Dupire, N. El Karoui, H. Föllmer, C. Martini, B. Oksendal, G. Pages,
C. Rogers, M. Verleysen**

**Available titles and abstracts:**

Marco AVELLANEDA ( Courant Institute of Mathematical Sciences, NYU ):

Weighted monte carlo and steepest descent methods for multi-asset equity
derivatives: theory and practice

Abstract:

This talk describes the method of Weigted Monte Carlo (WMC), or Maximum-Entropy
Monte Carlo, in the context of multi-dimensional models for

equity derivatives. We show that WMC represents a simple solution for
calibrating Monte Carlo simulations to option markets in situations where

there are multiple underlying instruments. We prove rigorously that,
under mild regularity assumptions, WMC gives rise to a numerically feasible

numerical algorithm for computing the minimal martingale measure (least-relative-entropy
martingale measure) consistent with options markets

on the underlying stocks. Finally, we compare the predictions of WMC
for pricing index options with the recently-derived Steepest-Descent

Approximation (RISK, Oct 2002), in which ensemble-averaging over large
groups of assets is replaced by evaluation over the most likely price

configuration. The talk provides extensive evidence of the performance
of the methods (both in- and out-of-sample) in real market conditions.
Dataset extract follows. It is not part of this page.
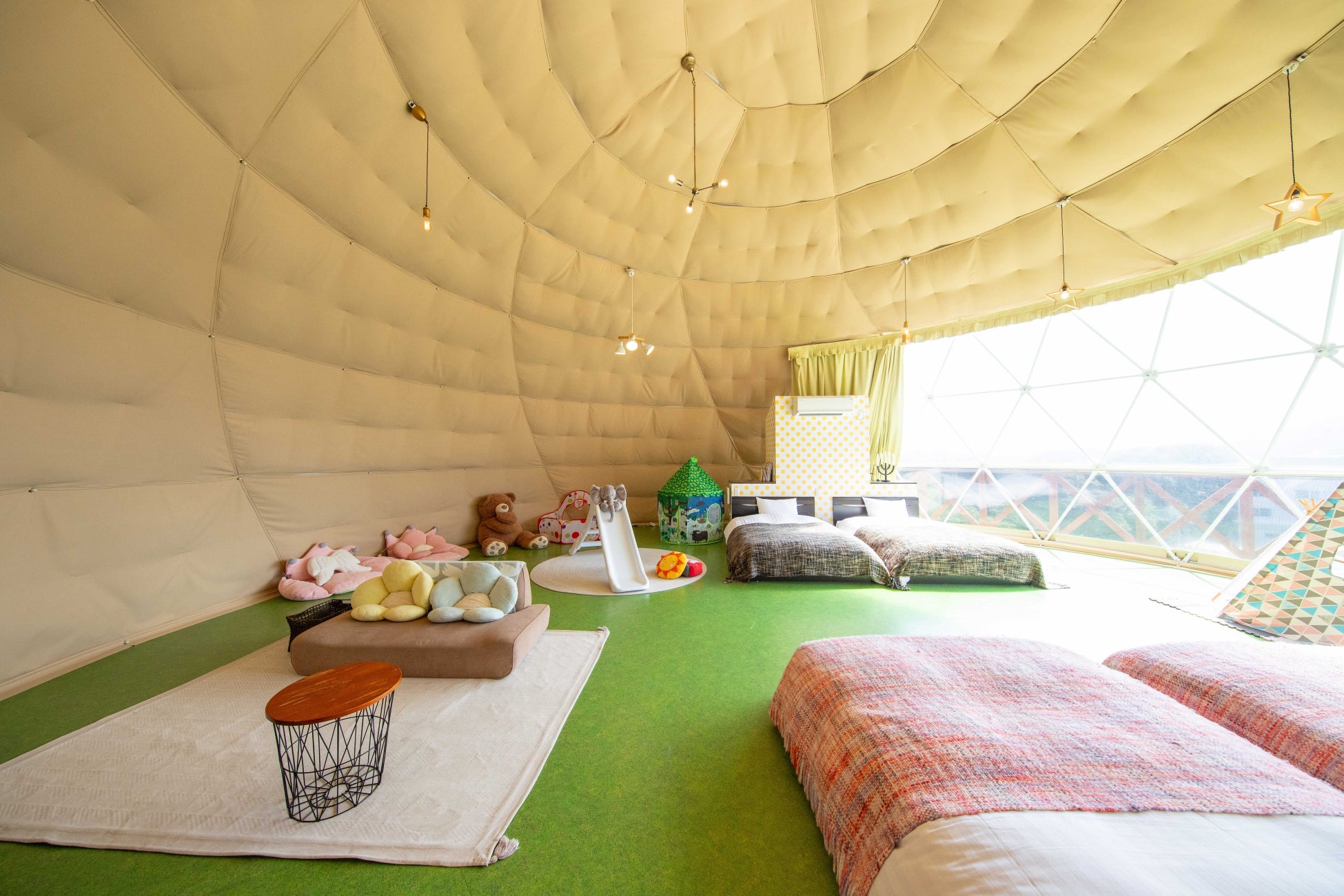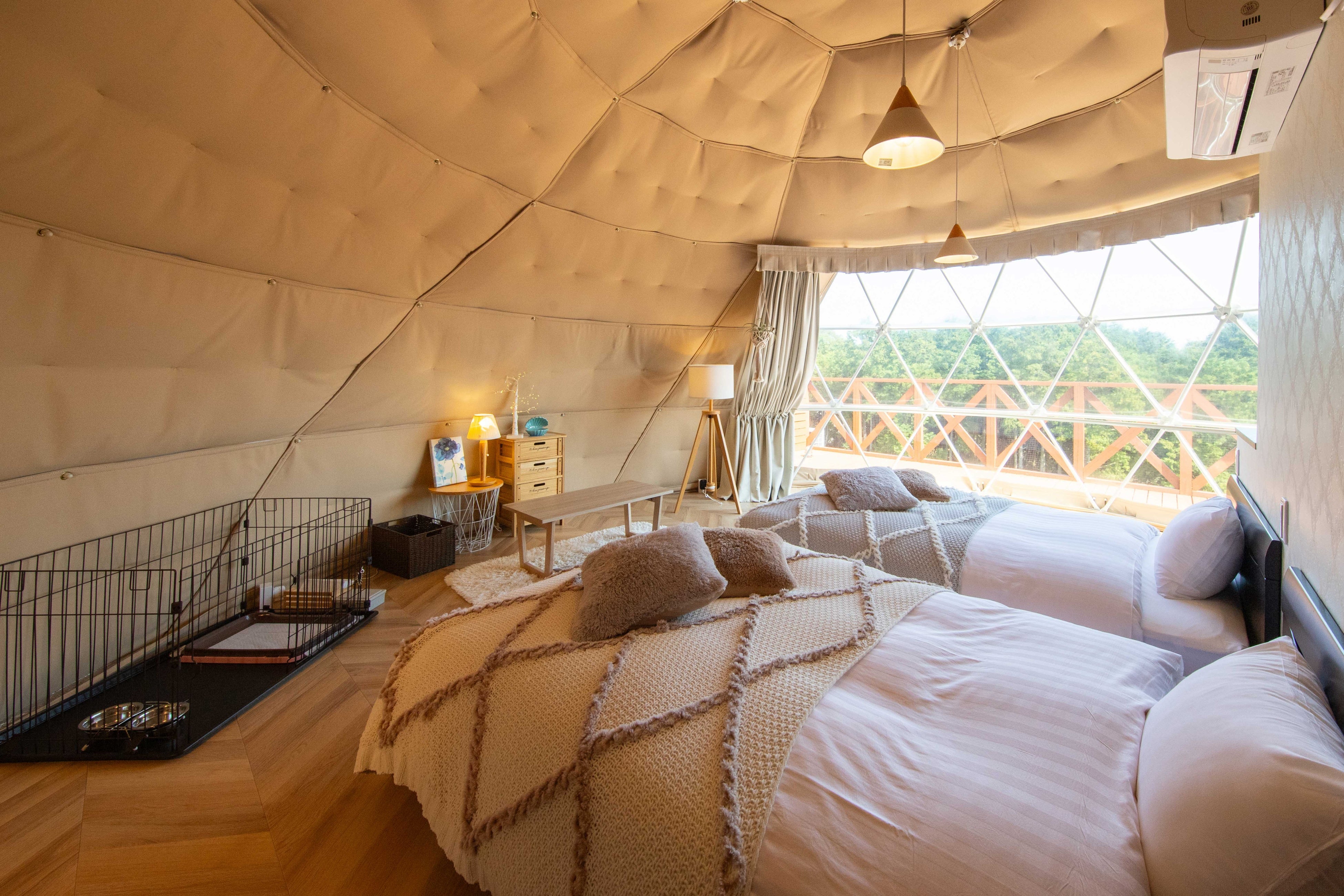 遠く由布岳や鶴見岳の景観、別府市内の湯けむりが立ち上る情景を望む敷地内に配置した14棟のグランピングテント。いずれのテントも温泉風呂や食事スペース、個別トイレといった専用設備を有する高規格仕様。

Alexandre d ASPREMONT (Stanford University):

Symmetric cone programming and applications to calibration of multivariate
models.

Rama CONT (CNRS - Ecole Polytechnique):

Model calibration and model uncertainty.

Abstract::

Recent work on "model calibration" focuses on developing computational
methods for "marking to market" option pricing models using observed market
prices of

benchmark options. While these observations enable to identify a pricing
model in some theoretical settings with complete observations, in practice
the market

information is insufficient to identify a pricing model, leading to
ill-posedness and model uncertainty.

In this talk we propose a approach to the model calibration problem
which takes into account its ill-posed nature and describe a computational
method which

enables to obtain from a set of market prices a family of pricing models
and use them to quantify model risk and incompleteness of information.
Our approach

has a natural link with recent theoretical work on model uncertainty
and robust risk measures.

Bruno DUPIRE
(consultant):

"Stochastic Volatility Models"

Abstract:

We present a review of existing stochastic volatility models, show
different ways to obtain forward equations in various settings, look
at the quantities we can/cannot lock,

derive arbitrage relationships for the implied volatility dynamics,
study the behavior of several calibrated models and examine on the mplied
volatility market model.

Nicole EL KAROUI (Ecole Polytechnique):

"Entropic choice in Finance":

Abstract:

Entropic selection of "optimal implied distribution" in calibration
problems (Avellaneda, Rubinstein) or choice of the best portfolio with
respect to exponential

utility are connected problems via convex duality. Foellmer and Schied
used similar criterium as example of convex risk measure. In incomplete
market, this framework

may be used to give new insights for pricing and hedging derivative
in incomplete market. The new pricing rule is associated with an entropic
convex risk measure; the

optimal hedging portfolio may be characterized (Fritelli, Rouge, NEK,
Musiela-Zariphopoulo, Delbaen & alii). More recently, the problem of
the optimal design of derivatives

and risk transfer in incomplete market was solved in this framework,
when the agents have acces to the same financial market. If it is not the
case, the optimal solution

may be characterized via quadratic BSDE in Brownian markets.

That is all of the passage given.